## [Available data]
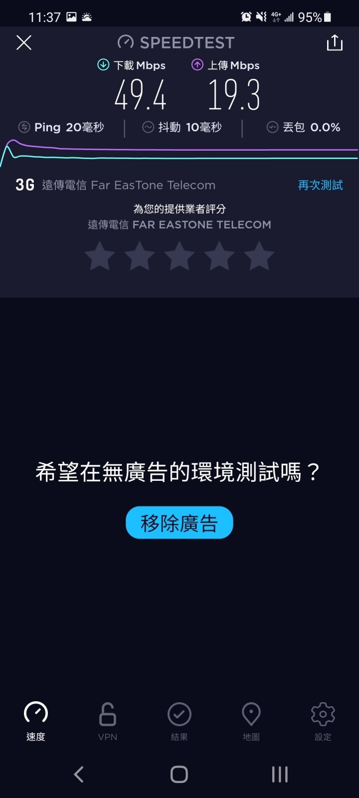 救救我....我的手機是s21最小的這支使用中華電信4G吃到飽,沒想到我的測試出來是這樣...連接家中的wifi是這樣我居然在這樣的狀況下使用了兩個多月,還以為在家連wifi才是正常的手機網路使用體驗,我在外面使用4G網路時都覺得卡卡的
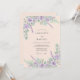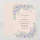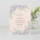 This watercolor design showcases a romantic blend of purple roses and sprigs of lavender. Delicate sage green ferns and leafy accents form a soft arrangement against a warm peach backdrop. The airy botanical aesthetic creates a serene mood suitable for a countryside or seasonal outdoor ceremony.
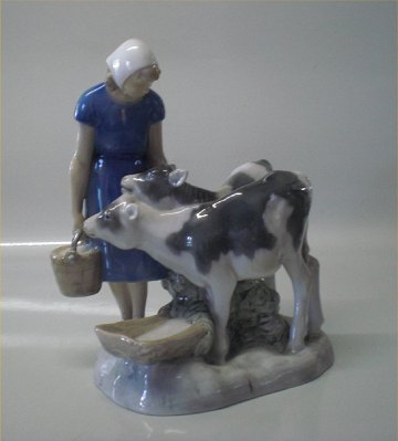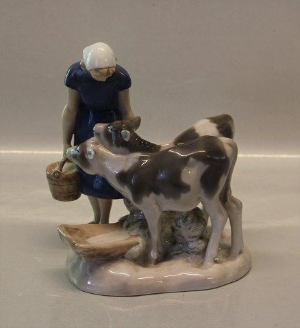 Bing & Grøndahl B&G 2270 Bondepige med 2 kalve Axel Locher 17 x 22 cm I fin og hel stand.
--
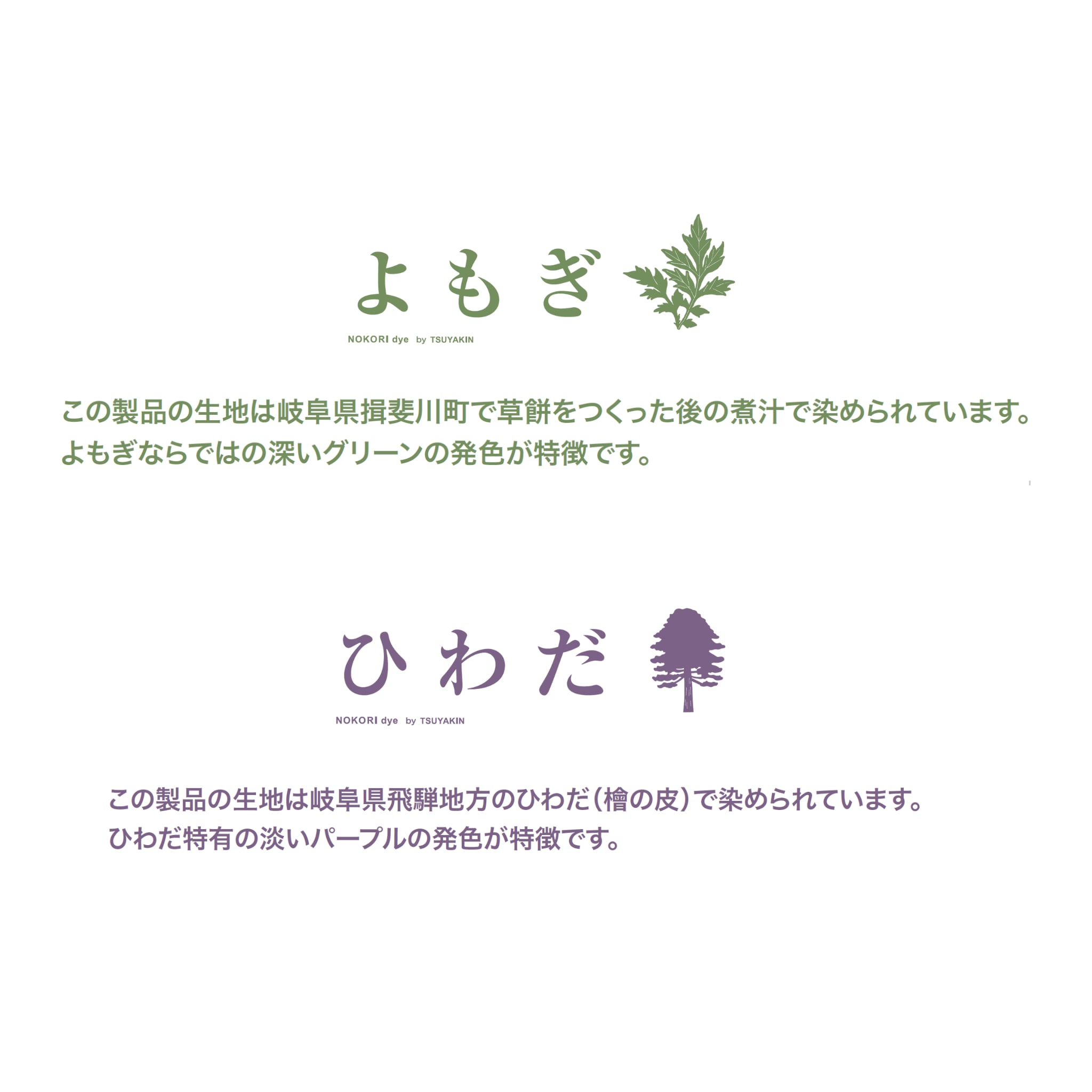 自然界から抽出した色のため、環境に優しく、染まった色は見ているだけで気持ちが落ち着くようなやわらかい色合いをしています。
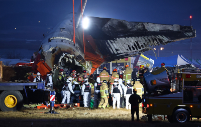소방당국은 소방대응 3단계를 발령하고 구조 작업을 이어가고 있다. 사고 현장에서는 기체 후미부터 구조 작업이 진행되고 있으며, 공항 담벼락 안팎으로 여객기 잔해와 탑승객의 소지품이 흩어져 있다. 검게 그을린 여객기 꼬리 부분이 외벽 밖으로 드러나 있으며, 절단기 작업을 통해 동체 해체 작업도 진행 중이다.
* * *
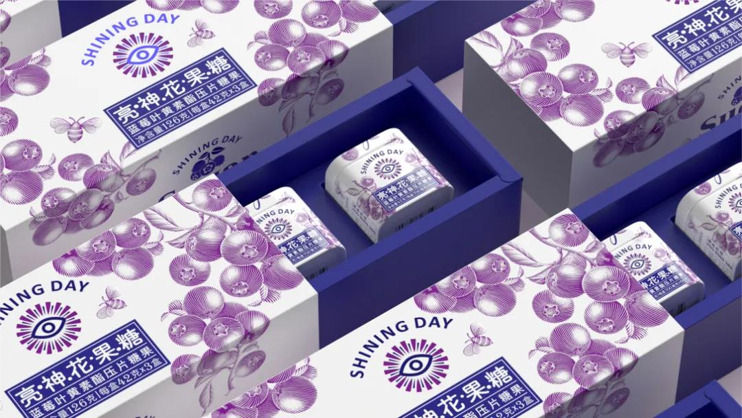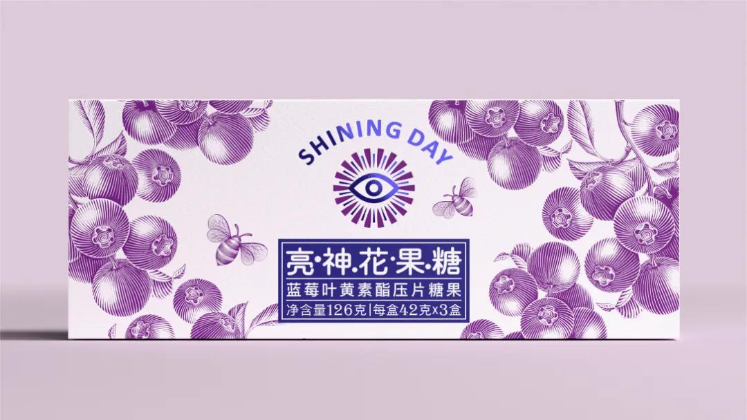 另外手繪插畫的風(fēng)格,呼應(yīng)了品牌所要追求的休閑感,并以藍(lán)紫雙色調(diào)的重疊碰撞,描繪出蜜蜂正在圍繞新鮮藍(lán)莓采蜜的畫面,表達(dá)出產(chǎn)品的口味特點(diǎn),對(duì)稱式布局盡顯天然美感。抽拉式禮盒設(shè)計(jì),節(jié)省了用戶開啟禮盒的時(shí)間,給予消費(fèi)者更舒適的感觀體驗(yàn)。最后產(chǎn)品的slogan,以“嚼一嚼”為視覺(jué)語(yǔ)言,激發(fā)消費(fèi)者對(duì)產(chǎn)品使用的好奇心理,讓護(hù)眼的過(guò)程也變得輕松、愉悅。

## [Requirement]
Print nothing but the lines above starting with the line that contains "自然界から抽出した色のため、" and going on through the line that contains "소방당국은 소방대응 3단계를". Leave out the pictures.

## [Answer area]
 自然界から抽出した色のため、環境に優しく、染まった色は見ているだけで気持ちが落ち着くようなやわらかい色合いをしています。
소방당국은 소방대응 3단계를 발령하고 구조 작업을 이어가고 있다. 사고 현장에서는 기체 후미부터 구조 작업이 진행되고 있으며, 공항 담벼락 안팎으로 여객기 잔해와 탑승객의 소지품이 흩어져 있다. 검게 그을린 여객기 꼬리 부분이 외벽 밖으로 드러나 있으며, 절단기 작업을 통해 동체 해체 작업도 진행 중이다.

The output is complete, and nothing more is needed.